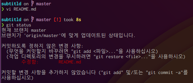 아래와 같이 커밋해야 할 사항이 생길 경우 [!] 로 이를 알리기도 합니다.
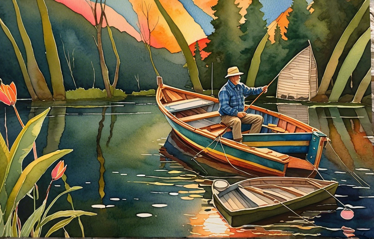A serene watercolor scene depicts a man fishing from a small boat on a tranquil lake, surrounded by lush trees and mountains, with a cozy cabin reflecting in the water at sunset.
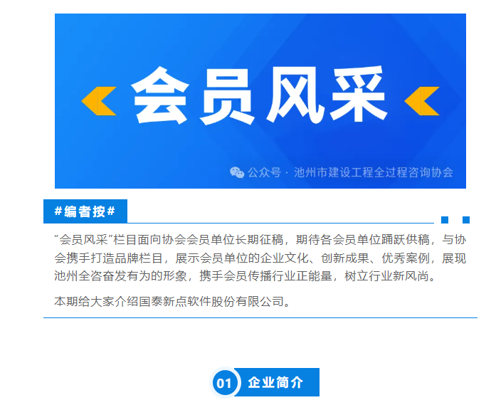 国泰新点软件股份有限公司(股票简称:新点软件,股票代码:688232)成立于1998年,是政企数字化整体解决方案提供商、国家鼓励的重点软件企业。公司围绕智慧招采、智慧政务、数字建筑三大核心业务领域,为各级政府部门、大型集团企业及相关行业单位提供从规划咨询、软件开发与智能设备研发、实施交付到持续运营维护的全方位服务。
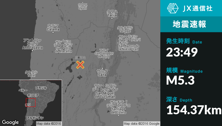 | 震源地 | アルゼンチンのSan Antonio de los Cobresから西南西71kmの地点 |
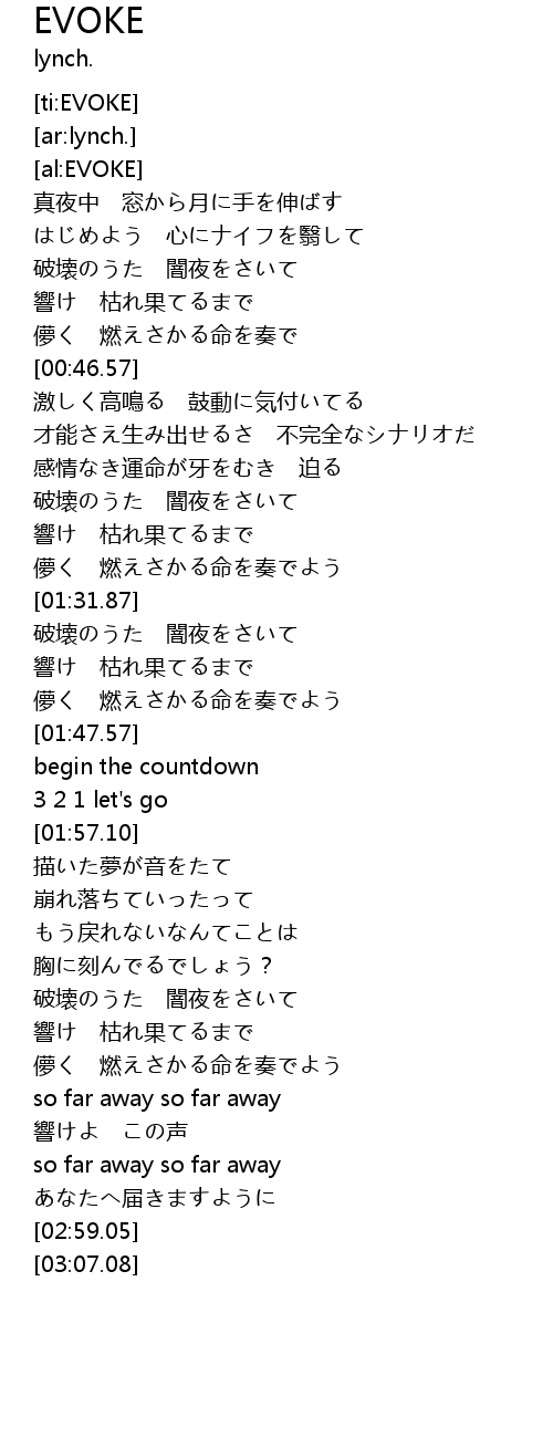| [01:32.20] | 破壊のうた 闇夜をさいて |
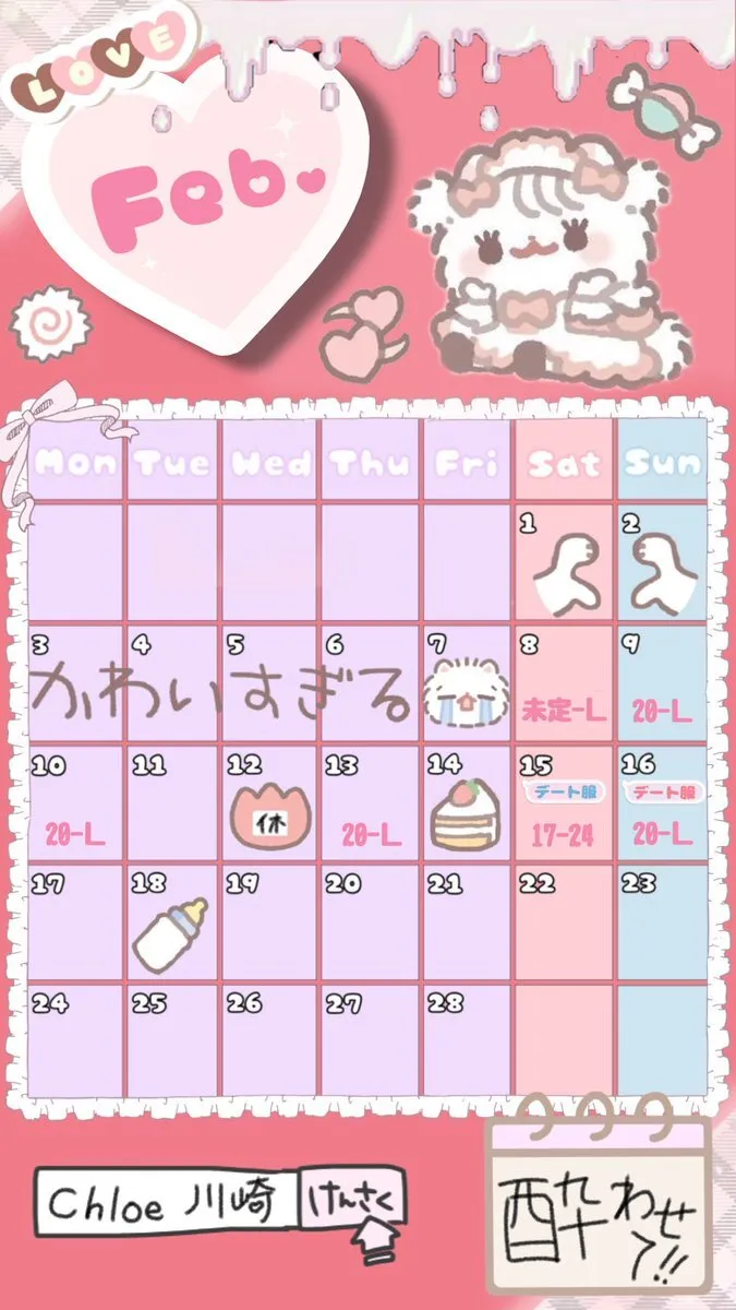 ♡ おきゅよてい ♡ 2月後半はこれ!頑張るのでつ⊂( ᴖ ̫ᴖ)⊃ #コンカフェ @kawasaki_chloe pic.x.com/Jkt0kTjq3G
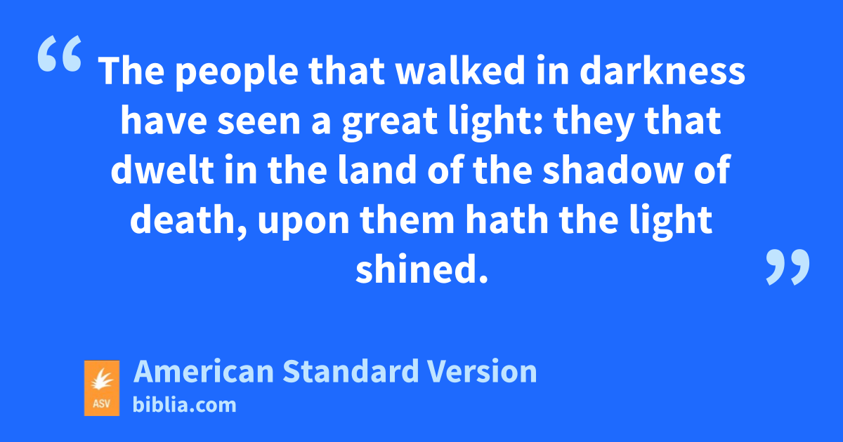 9 But there shall be no gloom to her that was in anguish. In the former time he brought into contempt the land of Zebulun and the land of Naphtali; but in the latter time hath he made it glorious, by the way of the sea, beyond the Jordan, Galilee of the nations. 2The people that walked in darkness have seen a great light: they that dwelt in the land of the shadow of death, upon them hath the light shined. 3Thou hast multiplied the nation, thou hast increased their joy: they joy before thee according to the joy in harvest, as men rejoice when they divide the spoil. 4For the yoke of his burden, and the staff of his shoulder, the rod of his oppressor, thou hast broken as in the day of Midian. 5For all the armor of the armed man in the tumult, and the garments rolled in blood, shall be for burning, for fuel of fire. 6For unto us a child is born, unto us a son is given; and the government shall be upon his shoulder: and his name shall be called Wonderful, Counsellor, Mighty God, Everlasting Father, Prince of Peace. 7Of the increase of his government and of peace there shall be no end, upon the throne of David, and upon his kingdom, to establish it, and to uphold it with justice and with righteousness from henceforth even for ever. The zeal of Jehovah of hosts will perform this.

PROBLEM: Output exactly the lines from the first line of the records through the line containing "#コンカフェ @kawasaki_chloe pic.x.com/Jkt0kTjq3G". Leave out every picture.

SOLUTION TO THIS EXERCISE:
 아래와 같이 커밋해야 할 사항이 생길 경우 [!] 로 이를 알리기도 합니다.
A serene watercolor scene depicts a man fishing from a small boat on a tranquil lake, surrounded by lush trees and mountains, with a cozy cabin reflecting in the water at sunset.
 国泰新点软件股份有限公司(股票简称:新点软件,股票代码:688232)成立于1998年,是政企数字化整体解决方案提供商、国家鼓励的重点软件企业。公司围绕智慧招采、智慧政务、数字建筑三大核心业务领域,为各级政府部门、大型集团企业及相关行业单位提供从规划咨询、软件开发与智能设备研发、实施交付到持续运营维护的全方位服务。
 | 震源地 | アルゼンチンのSan Antonio de los Cobresから西南西71kmの地点 |
| [01:32.20] | 破壊のうた 闇夜をさいて |
 ♡ おきゅよてい ♡ 2月後半はこれ!頑張るのでつ⊂( ᴖ ̫ᴖ)⊃ #コンカフェ @kawasaki_chloe pic.x.com/Jkt0kTjq3G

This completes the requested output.